1.Should be deciduous meaning it should loose all of its leaves in the winter. This will let in light in the wintertime, when light levels are lowest. Deciduous trees also do not block any warming winter sunlight from reaching the house. Trees on the south or east sides of any house should always be deciduous, never evergreen.
2.Should have roots that do not Tree Removal creep upward into the lawn where they’ll be hit by lawnmowers. Roots that grow up into the lawn are a real pain, hard to get rid of, and will easily ruin a lawnmower.
3.Should be attractive, or why else even plant it?
4.Should be fairly easy to grow, not too fussy. Always select trees that are know to be disease resistant.
5.Should be able to adapt to the irrigation a lawn will receive. Certain trees grow well in lawns and others, such as oaks, do not. Plant lawn trees that will thrive in a lawn area, even if it is frequently irrigated.
6.Should be a type of tree that will not have a negative allopathic effect on the lawn. For example, eucalyptus or walnut trees produce a substance that kills off other plants below them.
7.Should produce shade that is not too deep. No grass can grow in the deepest shade. Branches on lawn trees should ideally be kept fairly high.
8.Should not produce a lot of allergenic pollen.
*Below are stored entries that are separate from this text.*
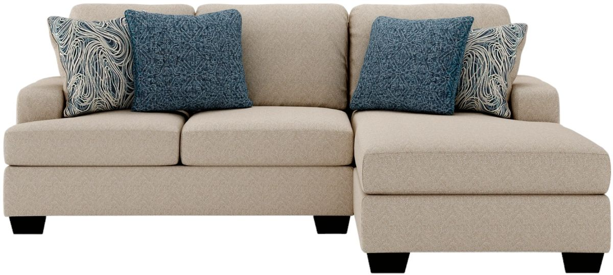 Establish a modern comfort zone with this 2-piece sectional. Spacious seating hosts reversible cushions and cozy back pillows for supportive comfort. Upholstered in sepia-colored polyester fabric, this sectional's frame is minimalistic with low track arms and short faux wood feet. Designer pillows pop with colorful patterns to round out the inviting look.Read More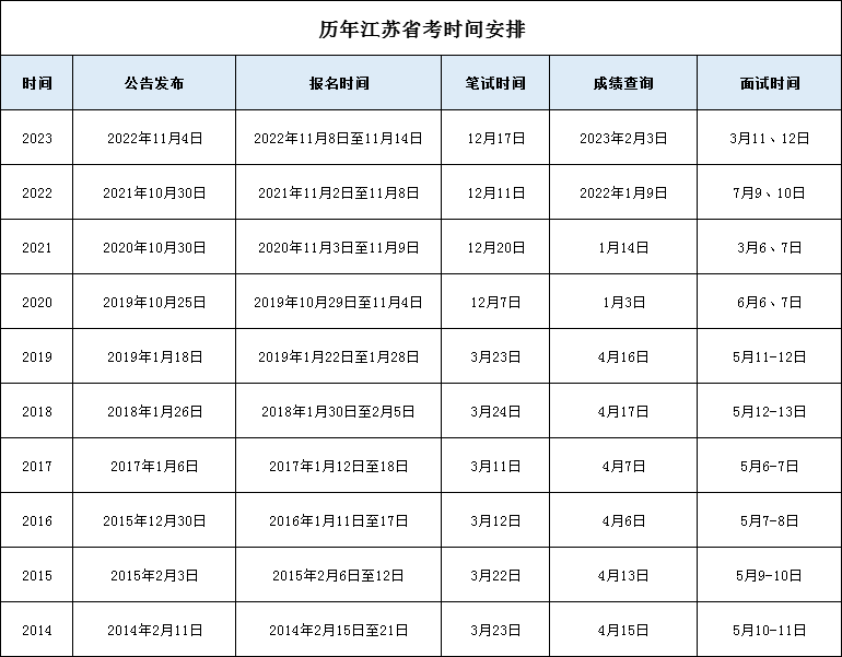 根据上表,我们可以发现:2014?2019年江苏公务员考试时间还算稳定,而2020?2023年江苏省考与往年相比,报名考试时间提前约3个月!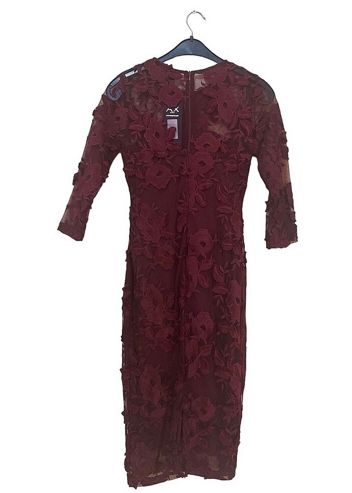 Kolları ve üst kısmı tül detaylı elbise. Üste tam oturan dar kalıplı bir elbisedir. Yurtdışından alındı. Yeni, etiketli. Bordo Ax Paris Elbise #tülelbise #kadın #bordo #axparis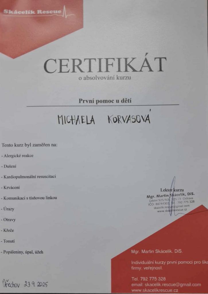 Knihovna - Kurz první pomoci dětem - 23. 9. 2025 Autor: Michaela Korvasová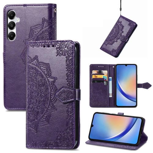 Funda para Teléfono Samsung Galaxy A35 5G Cuero Relieve Flor de Mandala (Púrpura)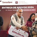 De manera simbólica, se entregaron 916 becas del ITABEC en Nuevo Laredo, como parte de un total de 10,244 becas otorgadas en toda la UAT, que representan una inversión de 25 millones 610 mil pesos, incrementando el apoyo a cada estudiante de 2,000 a 2,500 pesos.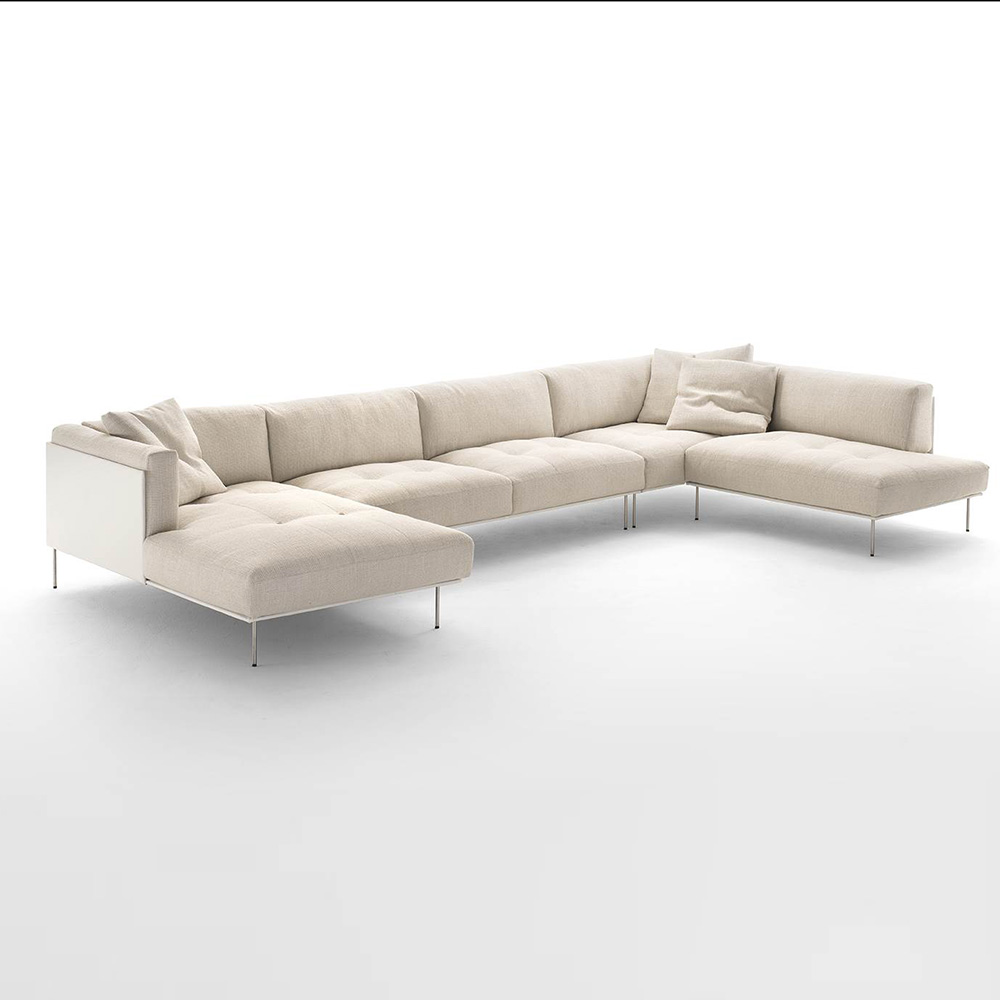 Rod, characterized by slender back and light, airy shell, lined with inviting cushions enhanced with quilted details and buttons at sights, is now available in the modular version to build new spatial solutions and original compositions.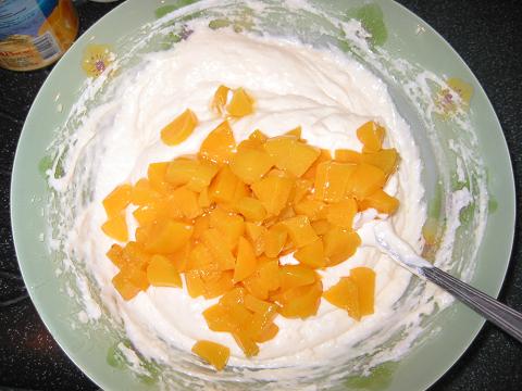 Желатин (быстрорастворимый) растворить в горячем соке хорошо помешивая. Йогурт (чудо молочный или сливочный персик-маракуйя в стаканчиках) смешать с сахаром, когда сок с желатином остынет, помешивая, тонкой струйкой ввести его в йогурт, поставить смесь не на долго в холодильник. Персики откинуть на сито, чтобы стекла лишняя жидкость, затем порезать их мелкими кубиками. Сливки взбить в пену. Затем отдельно взбить белок с каплей лимонного сока до пышной устойчивой пены. Как только йогурт начнет застывать, достать его из холодильника и хорошо размешать, если вдруг получится что он стал комками — то можно взбить его миксером. Сначала часто и тщательно мешая ложкой ввести в йогурт взбитые сливки, затем осторожно все время мешая взбитый белок, и в конце добавить персики.

There’s no point in planting a tree that will make you sick every year.
Trunks of young trees should never be hit with weedwackers. String- trimmers ruin the tender bark of many young lawn trees, and then stunt their subsequent growth. Keep a clean area a minimum of 3’wide under any new lawn tree.
Even though a lawn has shallow roots and there is little point in watering lawns much deeper than a foot, trees will develop deep roots. To make sure your new tree grows those deep, drought resistant roots, give it a really good soaking once a month from spring until fall. Just put a garden hose near the base of the tree, turn it on low, and let it soak for a long time.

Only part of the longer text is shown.